On Mon, 9 Sep 2019, clyon at gcc dot gnu.org wrote:

> https://gcc.gnu.org/bugzilla/show_bug.cgi?id=36262
> 
> Christophe Lyon <clyon at gcc dot gnu.org> changed:
> 
>            What    |Removed                     |Added
> ----------------------------------------------------------------------------
>                  CC|                            |clyon at gcc dot gnu.org
>       Known to work|                            |
>       Known to fail|                            |
> 
> --- Comment #14 from Christophe Lyon <clyon at gcc dot gnu.org> ---
> Hi Richard,
> 
> r275365 is causing regressions on aarch64:
> FAIL: gcc.dg/atomic/stdatomic-compare-exchange-4.c   -O3 -g  execution test
> FAIL: gcc.dg/tree-prof/20050826-2.c execution,    -fprofile-use -D_PROFILE_USE
> 
> In addition, on arm:
> FAIL: gcc.c-torture/execute/builtins/pr23484-chk.c execution,  -O3 -g

Wrong bugzilla?  But also should be fixed by the followup.

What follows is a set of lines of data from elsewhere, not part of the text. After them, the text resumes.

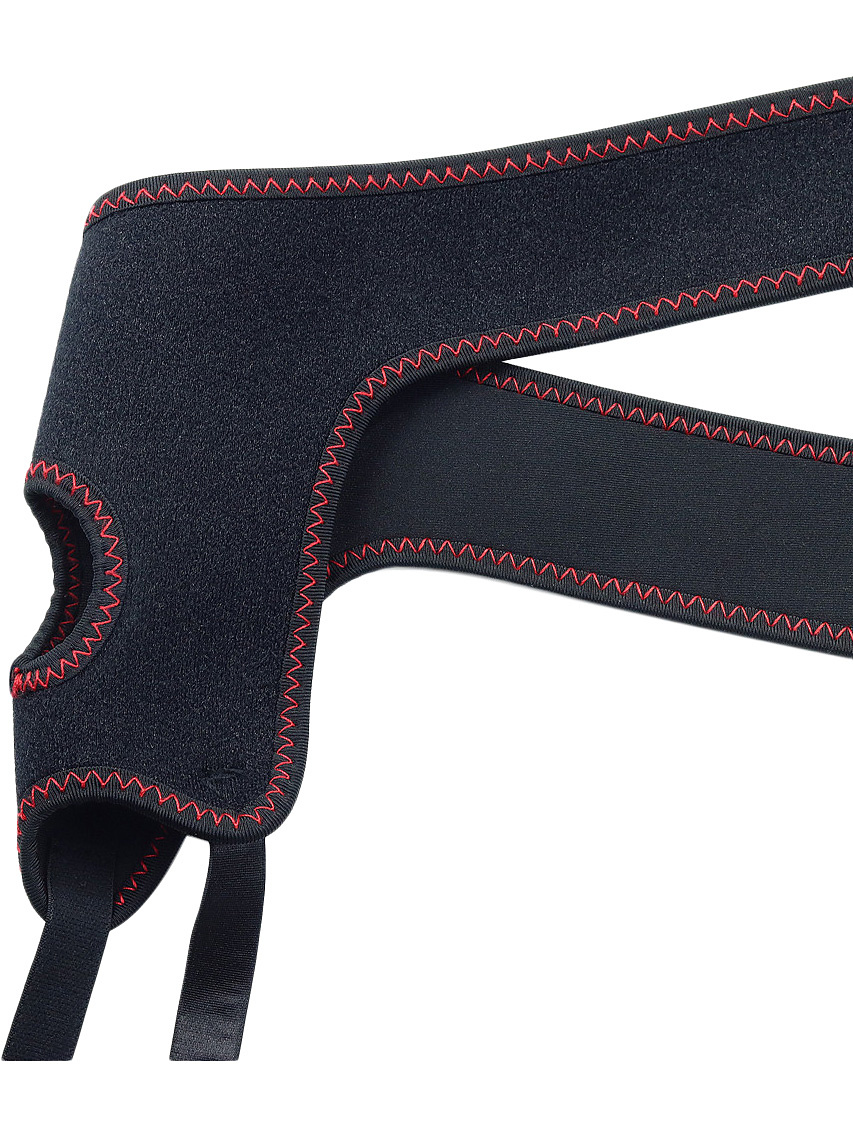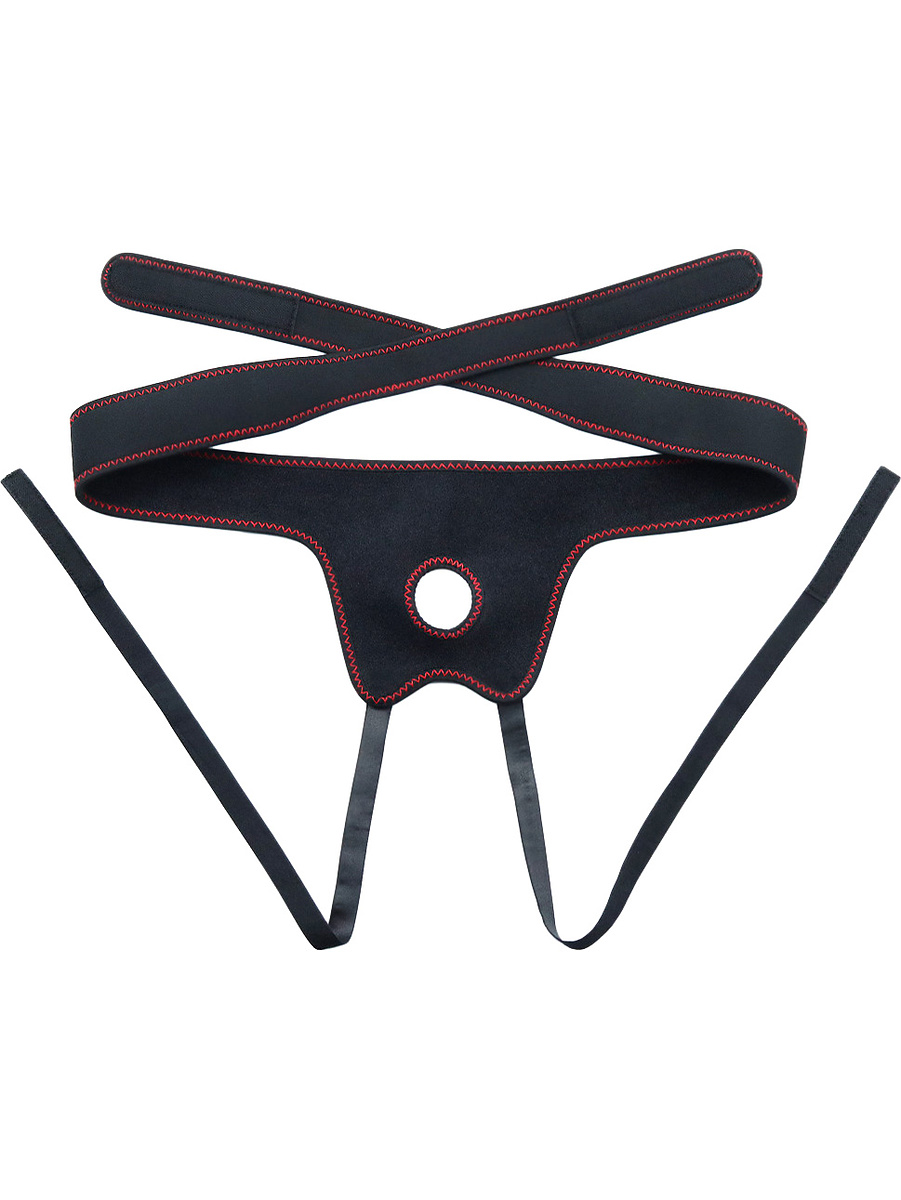 The harness is easy to put on and take off. The hole at the front of the harness has a diameter of about 3.8 cm but is stretchable to fit many dildos. Place the supplied dildo or any other dildo you have at home to explore exciting penetration-play.
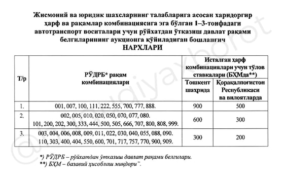 - 1-я категория (001, 007, 111, 222, 555, 700, 777, 888) – 900 БРВ в Ташкенте, а в областях и Каракалпакстане – 500 БРВ;
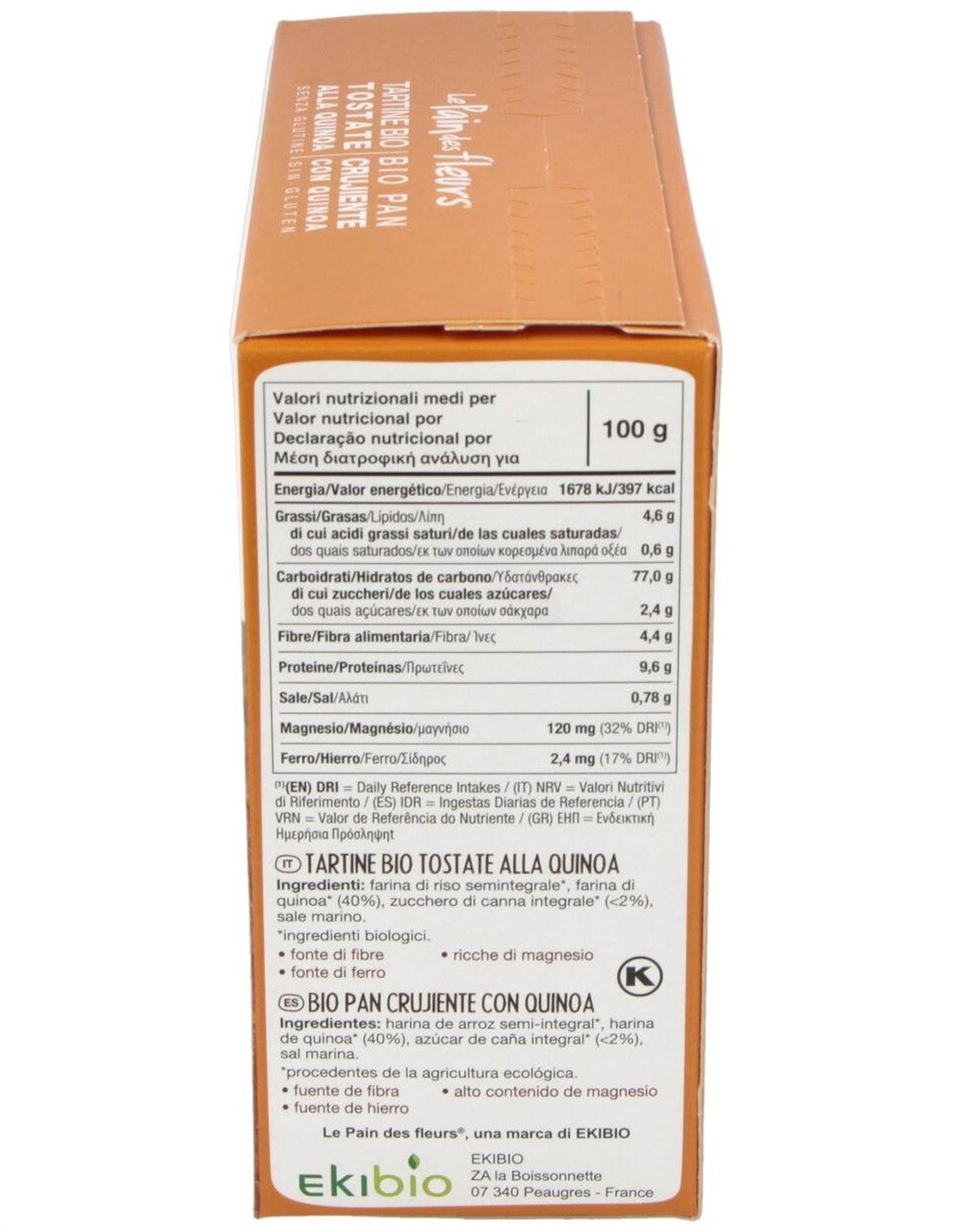Ingredientes:Harina de arroz semi-integral*, harina de quinoa* (40%), azúcar de caña integral* (<2%), sal marina. (*) Ingredientes procedentes de la agricultura ecológica.Valor nutricional por 100 gramos:
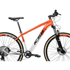 Bike Aro 29 MTB KSW XLT100 12 Velocidades Freios Hidráulicos - Cor:Laranja Degradê+Branco;Tamanho:21
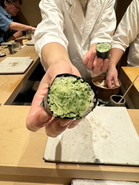 やま幸さんの鮪の中落ち細巻き鮨は、海苔の香りと風味が最高でした。
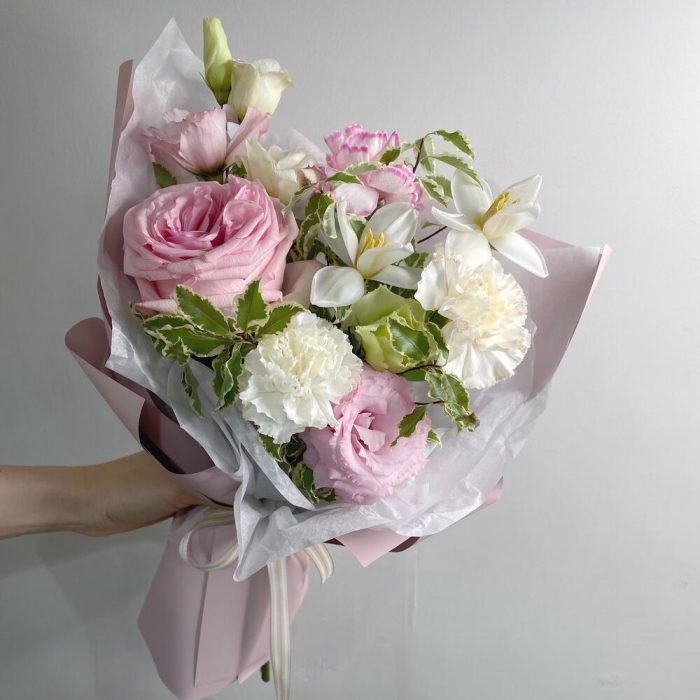 роза pink o’hara – 1 шт.Тюльпан – 2 шт.Диантус – 3 шт.Лизиантус – 1 шт.Питтоспорум – 1 шт.Упаковка дизайнерская – 1 шт.
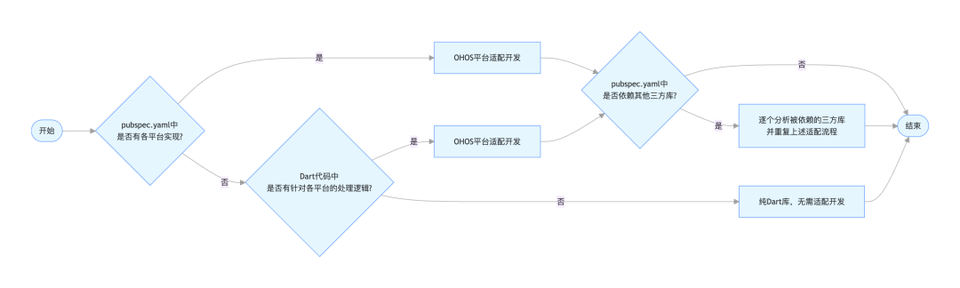 - Flutter 三方库是否需要 OHOS 适配,核心判断依据是是否包含平台原生实现/平台差异化逻辑,纯 Dart 库无需适配;
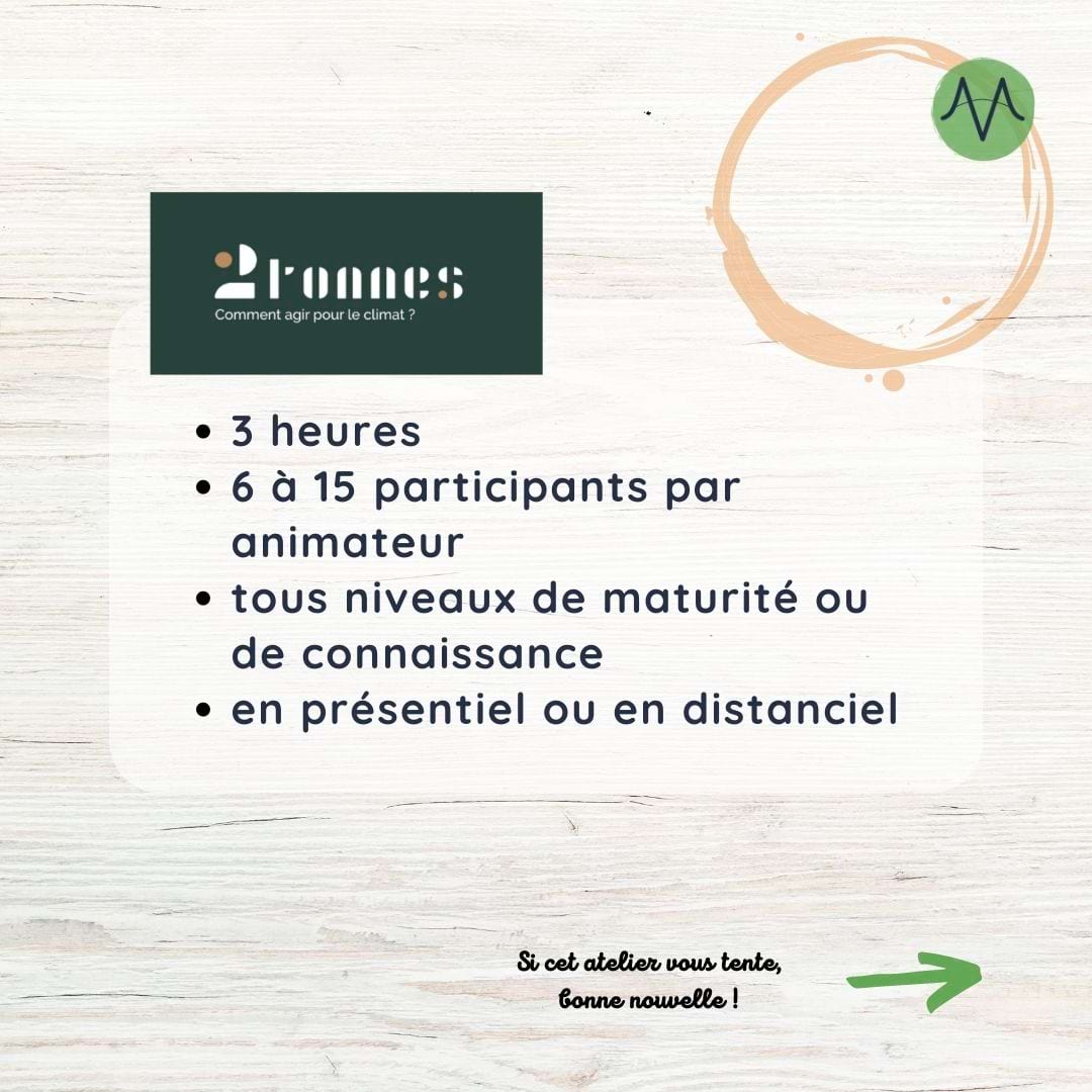 L’atelier 2tonnes pourra peut-être répondre à votre besoin. En groupe, pendant 3h, vous allez pouvoir faire des simulations afin d’arriver à une trajectoire de 2tonnes à l’horizon 2050.

2019-09-05  Richard Biener  <rguenther@suse.de>

        PR rtl-optimization/91656
        * postreload-gcse.c (record_last_mem_set_info): Revert addition
        of early out.

Comment 16 Christophe Lyon 2019-09-09 13:58:28 UTC

> Wrong bugzilla?  But also should be fixed by the followup.
I replied to the bugzilla mentioned in the ChangeLog...

> 
> 2019-09-05  Richard Biener  <rguenther@suse.de>
> 
>         PR rtl-optimization/91656
>         * postreload-gcse.c (record_last_mem_set_info): Revert addition
>         of early out.

But yes indeed, this fixes what I reported, sorry for the noise.